**Work request:**
Exact copy, no pictures: output each line below as it stands.

**Data provided:**
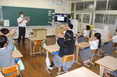 今日は、5年生はリコーダーの演奏について、6年生はオーケストラの演奏について学習しました。ピアノの生伴奏で歌わせていただいたり、リコーダー演奏のお手本をしていただいたり、タブレット端末でたくさんの楽器の音色を聴かせていただいたりなど、東陽っ子だけでなく、HP担当者も音楽の世界を満喫しました。ステキな時間を過ごすことができました。東陽中学校のO先生、ありがとうございました
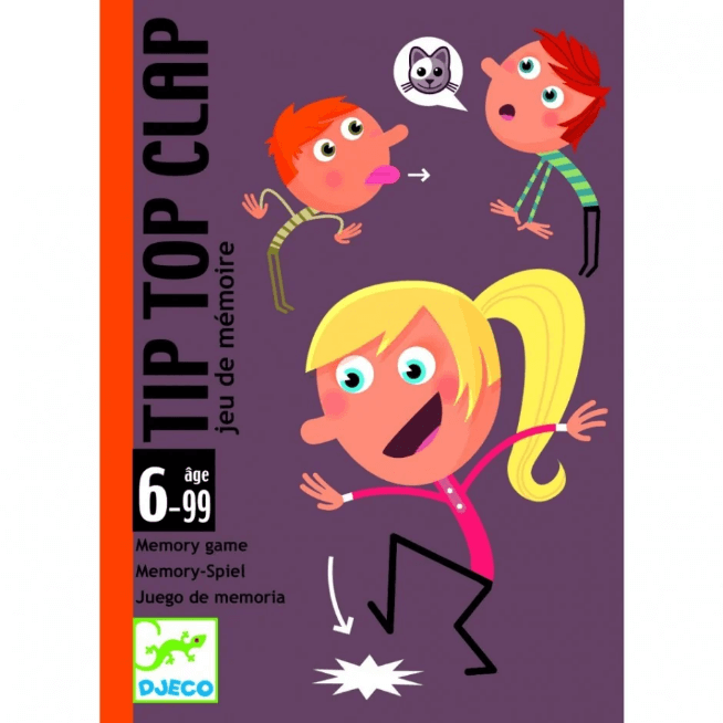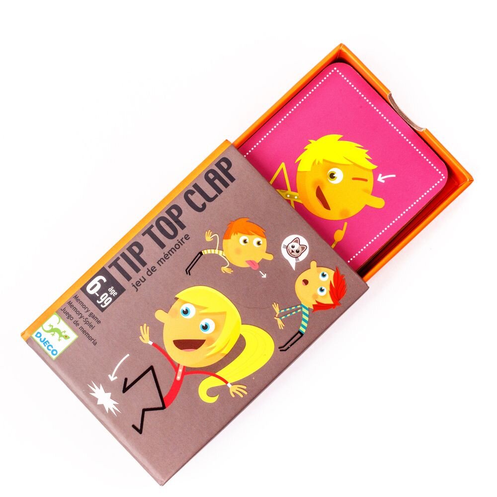 Весела гра "Тіп Топ Хлоп" сподобається всім малюкам. Правила гри дуже прості, в них розбереться навіть самий маленький учасник. Гравці по черзі перевертають карти і зображують дію або звук, намальовані на ній. Усі наступні учасники повторюють побачене, а також додають свою дію. Ланцюжок триває до тих пір, поки один з гравців не помилиться в послідовності. Він залишає собі карту і починає новий раунд.
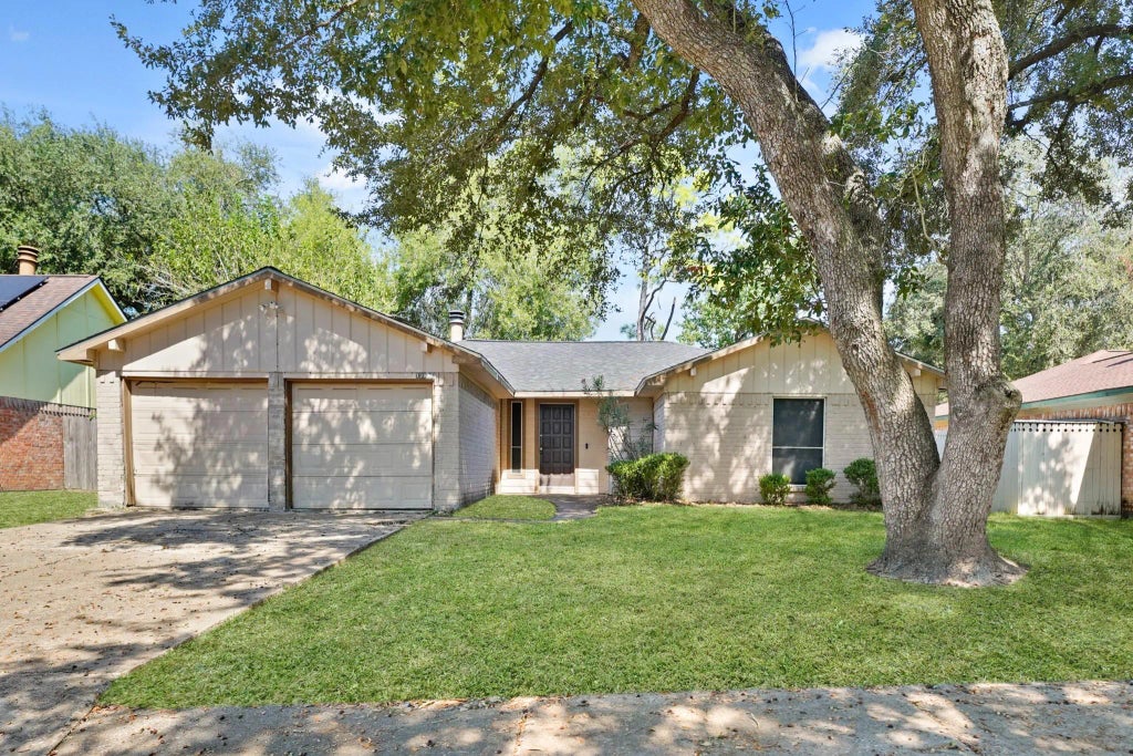 Charming 3-bedroom, 2-bath home with 1,833 sq ft of living space in an established neighborhood. Enjoy an open-concept layout featuring vaulted ceilings, a brick fireplace, and tile flooring throughout. The kitchen offers plenty of cabinet space, granite countertops, and a breakfast bar that opens to the living area. Spacious primary suite with dual sinks and a walk-in closet. Large secondary bedrooms ideal for guests or a home office. Mature trees provide shade to the fenced backyard, perfect for relaxing or entertaining. Convenient location near shopping, dining, and major highways.

**Output below:**
 今日は、5年生はリコーダーの演奏について、6年生はオーケストラの演奏について学習しました。ピアノの生伴奏で歌わせていただいたり、リコーダー演奏のお手本をしていただいたり、タブレット端末でたくさんの楽器の音色を聴かせていただいたりなど、東陽っ子だけでなく、HP担当者も音楽の世界を満喫しました。ステキな時間を過ごすことができました。東陽中学校のO先生、ありがとうございました
 Весела гра "Тіп Топ Хлоп" сподобається всім малюкам. Правила гри дуже прості, в них розбереться навіть самий маленький учасник. Гравці по черзі перевертають карти і зображують дію або звук, намальовані на ній. Усі наступні учасники повторюють побачене, а також додають свою дію. Ланцюжок триває до тих пір, поки один з гравців не помилиться в послідовності. Він залишає собі карту і починає новий раунд.
 Charming 3-bedroom, 2-bath home with 1,833 sq ft of living space in an established neighborhood. Enjoy an open-concept layout featuring vaulted ceilings, a brick fireplace, and tile flooring throughout. The kitchen offers plenty of cabinet space, granite countertops, and a breakfast bar that opens to the living area. Spacious primary suite with dual sinks and a walk-in closet. Large secondary bedrooms ideal for guests or a home office. Mature trees provide shade to the fenced backyard, perfect for relaxing or entertaining. Convenient location near shopping, dining, and major highways.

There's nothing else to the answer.